### Work request
Only the lines from the one with "据统计,热火本赛季8次单场140+,而队史此前37个赛季合计8次。" through the end of the material are wanted, copied exactly and with the pictures left out.
===== Records shown =====
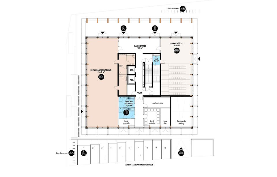 À rez-de-chaussée, accessible depuis le carrefour et l’avenue du Rhin, un plateau ouvert à tous, « la grande galerie », rassemble le lobby des bureaux, un pôle restauration dans un espace de coworking connecté et un amphithéâtre à usage partagé.
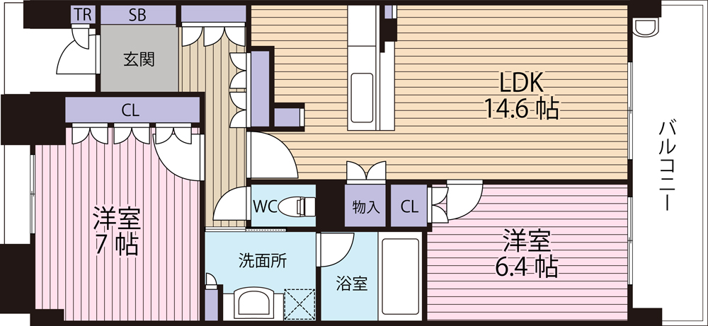洋室7.0畳 洋室6.4畳 LD11.4畳 K3.2畳 |
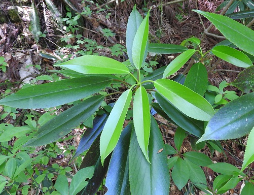 葉は倒卵形で枝先に輪生状に集まって付きます。葉は革質ですべすべした質感で光沢があります。円形に近い葉からかなり細長い葉まで変異が多い。
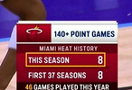 据统计,热火本赛季8次单场140+,而队史此前37个赛季合计8次。
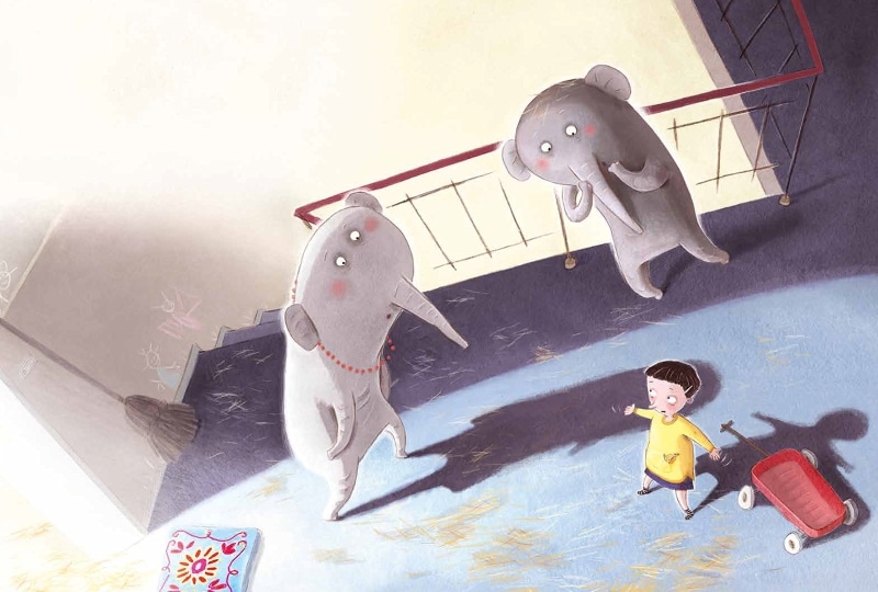 In der Nachbarswohnung sind neue Leute eingezogen. Fine kann sie hören. Es trampelt und raschelt. Hoffentlich haben sie Kinder, denkt sie. Im Haus wohnen bis jetzt leider nur schrecklich erwachsene Menschen. Das ist so langweilig. Vielleicht kann Fine es herausfinden. Im Treppenhaus ist mächtig was los. Frau Prull ist ganz blass um die Nase. Frau Wiese macht ein Gesicht, als hätte sie Zahnschmerzen und Herr Kösel grummelt: Es sind Elefanten, die neuen Nachbarn. Solche haben in dem Haus noch nie gewohnt. Die passen einfach nicht in die Nachbarschaft.
=====
### Output of the task
 据统计,热火本赛季8次单场140+,而队史此前37个赛季合计8次。
 In der Nachbarswohnung sind neue Leute eingezogen. Fine kann sie hören. Es trampelt und raschelt. Hoffentlich haben sie Kinder, denkt sie. Im Haus wohnen bis jetzt leider nur schrecklich erwachsene Menschen. Das ist so langweilig. Vielleicht kann Fine es herausfinden. Im Treppenhaus ist mächtig was los. Frau Prull ist ganz blass um die Nase. Frau Wiese macht ein Gesicht, als hätte sie Zahnschmerzen und Herr Kösel grummelt: Es sind Elefanten, die neuen Nachbarn. Solche haben in dem Haus noch nie gewohnt. Die passen einfach nicht in die Nachbarschaft.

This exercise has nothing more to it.